Check your internal links
Do lots of pages within your site link to other pages using the same targeted keywords in the link? This is known as an “anchor text” link…normally an effective optimization technique…but it can be overdone and have a negative effect. If so, try mixing up those anchor text links.
Review your external link profile
In your Search Console, go to “Links to Your Site” under “Search Traffic”. Then go to “How your data is linked”. This will give you a breakdown of the anchor text used. The crucial thing here is you should see a balanced mix of navigational and keyword links. If most of the anchor text contains the keywords you have lost ranking for, this could well be causing your problem. Is your brand name and URL near the top? Most naturally occurring links will contain either of these in the anchor. Google knows this…so a link profile that is missing those elements will appear unnatural. If the balance doesn’t look right take whatever action you can to address it.
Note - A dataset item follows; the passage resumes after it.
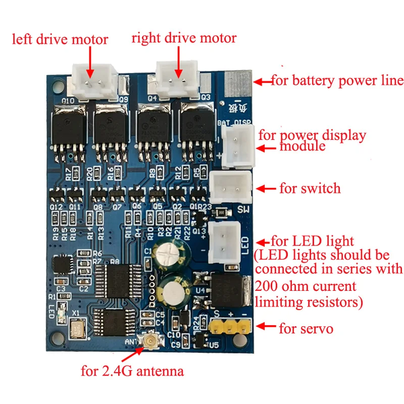 - Includes interfaces for LEDs and servos, requiring a 200-ohm resistor for LED connections; designed for DIY boat customization, repair, and long-range remote control applications.
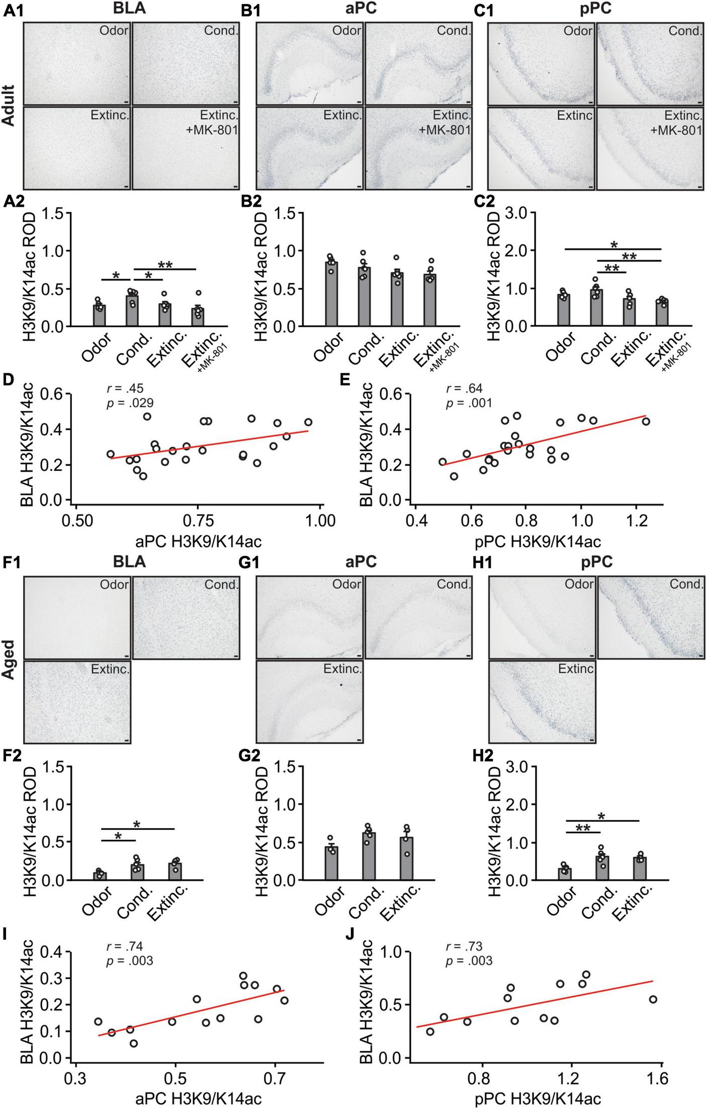 H3K9/K18 activations in the BLA and PC were strongly correlated. (A1) Example images of H3K9/K18ac expression in the BLA of adult rats. (A2) H3K9/K18ac ROD in the BLA. (B1) Example images of H3K9/K18ac expression in the aPC of adult rats. (B2) H3K9/K18ac ROD in the aPC. (C1) Example images of H3K9/K18ac expression in the pPC of adult rats. (C2) H3K9/K18ac ROD in the pPC. (D) The correlation between BLA and aPC H3K9/K18ac in adult rats. (E) The correlation between BLA and pPC H3K9/K18ac in adult rats. (F1) Example images of H3K9/K18ac expression in the BLA of aged rats. (F2) H3K9/K18ac ROD in the BLA. (G1) Example images of H3K9/K18ac expression in the aPC of aged rats. (G2) H3K9/K18ac ROD in the aPC. (H1) Example images of H3K9/K18ac expression in the pPC of aged rats. (H2) H3K9/K18ac ROD in the pPC. (I) The correlation between BLA and aPC H3K9/K18ac in aged rats. (J) The correlation between BLA and pPC H3K9/K18ac in aged rats. Scale bars, 50 μm. *p < 0.05; **p < 0.01.

Review your external links
If your overall link profile looks OK it’s time to have a closer look at the actual links pointing to your site. Where did they come from and how were they obtained? Mention the word “Penguin” to any SEO consultant and their mind will not be drawn to cute, flightless birds wearing a tux…but rather a Google algorithm update launched a few years back designed to reduce the ranking of sites using “webspam”…in Google-speak. Essentially these are sites using techniques which do not comply with webmaster guidelines. If you have a whole bunch of links pointing to your site which do not meet Google’s quality guidelines, not only will these links fail to improve your ranking but they can now have a negative affect.
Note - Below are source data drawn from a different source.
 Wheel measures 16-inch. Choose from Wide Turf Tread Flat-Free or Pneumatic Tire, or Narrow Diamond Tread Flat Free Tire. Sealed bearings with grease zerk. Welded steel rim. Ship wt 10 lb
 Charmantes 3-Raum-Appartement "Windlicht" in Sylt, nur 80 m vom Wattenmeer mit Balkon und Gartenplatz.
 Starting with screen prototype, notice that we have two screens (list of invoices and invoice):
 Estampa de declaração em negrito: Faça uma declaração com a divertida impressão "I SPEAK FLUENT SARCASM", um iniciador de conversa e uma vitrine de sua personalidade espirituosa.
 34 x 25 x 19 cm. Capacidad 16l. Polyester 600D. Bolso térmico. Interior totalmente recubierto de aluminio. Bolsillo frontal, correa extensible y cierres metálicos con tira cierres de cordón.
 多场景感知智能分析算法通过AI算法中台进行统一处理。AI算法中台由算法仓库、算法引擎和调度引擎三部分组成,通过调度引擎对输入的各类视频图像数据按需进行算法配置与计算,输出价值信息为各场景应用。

And that means…you need to get rid of them. Once you have identified these low quality links you need to contact the webmaster to have them removed. This won’t always be easy. In fact…a lot of dodgy webmasters will see an opportunity to make a buck and will actually want to charge you to remove them. Don’t play that game…
Google “Disavow” tool
If you have attempted to have low quality links removed but have been unsuccessful you can submit a list to Google and ask them to disavow the links. Use this tool with caution though…I’ve seen sites that were not subject to a penalty lose rankings significantly after submitting a disavow, based on a tool identifying most of the backlinks as low quality. So don’t throw out the baby with the bathwater. Only use disavow as a last report and only submit links which are clearly low quality and likely to be hurting you. You can always submit an updated list after you have judged the effect of submitting the original list.
Google “Panda” update
While the Penguin algorithm update was designed to tackle webspam, Panda’s objective was to lower ranking on low quality and “thin content” sites. Panda is more focused on your overall site quality than the ranking of individual pages, but a high number of low quality pages can affect all your pages. So as I mentioned at the top of this article…start with looking at the content of the pages which have lost ranking. But don’t stop there…beef up or remove those thin content pages.
Keep calm…take action…review
Above all don’t panic and make rash decisions. Sometimes your rankings will return after a day or two without you taking any action. It happens..and usually means some other temporary factor came into play. But if the situation doesn’t change…start putting your recovery plan into action. Take a measured, step-by-step response and you will see those rankings quickly return.